(RECORDS PROVIDED Opens)
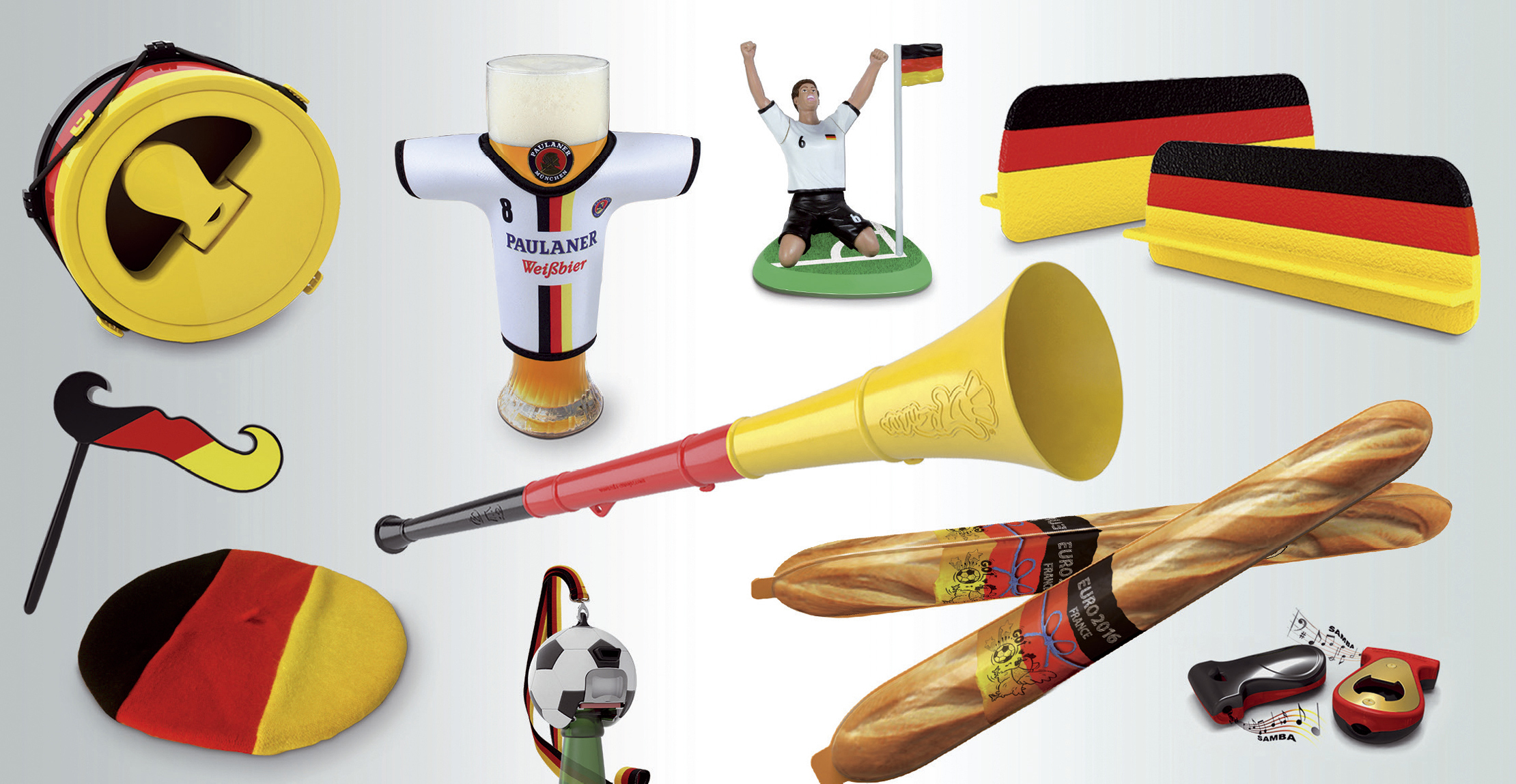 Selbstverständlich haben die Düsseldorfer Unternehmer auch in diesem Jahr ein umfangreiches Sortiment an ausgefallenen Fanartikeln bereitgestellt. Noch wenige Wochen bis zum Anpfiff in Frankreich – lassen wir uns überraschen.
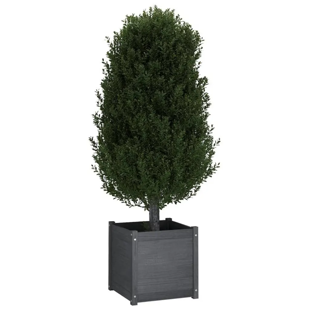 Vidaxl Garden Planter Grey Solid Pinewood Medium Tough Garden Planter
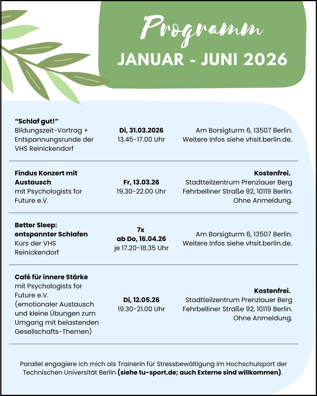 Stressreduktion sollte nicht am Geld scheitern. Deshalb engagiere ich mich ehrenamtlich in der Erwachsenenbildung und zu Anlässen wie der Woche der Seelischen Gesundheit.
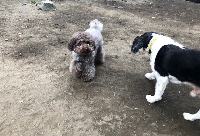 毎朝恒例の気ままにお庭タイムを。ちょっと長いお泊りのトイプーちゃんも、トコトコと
(RECORDS PROVIDED Closes)
(RECORDS PROVIDED Opens)
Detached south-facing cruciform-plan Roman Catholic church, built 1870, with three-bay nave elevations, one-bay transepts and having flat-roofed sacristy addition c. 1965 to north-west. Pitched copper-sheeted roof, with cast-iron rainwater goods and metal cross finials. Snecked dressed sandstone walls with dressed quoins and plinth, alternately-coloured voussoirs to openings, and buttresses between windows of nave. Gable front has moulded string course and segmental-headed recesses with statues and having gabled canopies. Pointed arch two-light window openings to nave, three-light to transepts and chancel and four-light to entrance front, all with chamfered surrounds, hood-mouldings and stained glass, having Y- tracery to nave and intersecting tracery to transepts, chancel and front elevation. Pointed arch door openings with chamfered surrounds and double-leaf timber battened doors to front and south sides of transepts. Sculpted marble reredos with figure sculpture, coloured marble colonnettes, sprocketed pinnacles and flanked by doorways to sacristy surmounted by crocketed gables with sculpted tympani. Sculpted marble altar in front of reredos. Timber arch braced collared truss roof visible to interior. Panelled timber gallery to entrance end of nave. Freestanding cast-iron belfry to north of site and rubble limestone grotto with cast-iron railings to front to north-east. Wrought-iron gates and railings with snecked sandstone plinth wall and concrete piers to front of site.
(RECORDS PROVIDED Closes)
* [TO DO]:
Word for word, restate the lines above from the one with "Selbstverständlich haben die" through the one with "毎朝恒例の気ままにお庭タイム", keeping both ends and dropping the pictures.

* [EXERCISE ANSWER]:
 Selbstverständlich haben die Düsseldorfer Unternehmer auch in diesem Jahr ein umfangreiches Sortiment an ausgefallenen Fanartikeln bereitgestellt. Noch wenige Wochen bis zum Anpfiff in Frankreich – lassen wir uns überraschen.
 Vidaxl Garden Planter Grey Solid Pinewood Medium Tough Garden Planter
 Stressreduktion sollte nicht am Geld scheitern. Deshalb engagiere ich mich ehrenamtlich in der Erwachsenenbildung und zu Anlässen wie der Woche der Seelischen Gesundheit.
 毎朝恒例の気ままにお庭タイムを。ちょっと長いお泊りのトイプーちゃんも、トコトコと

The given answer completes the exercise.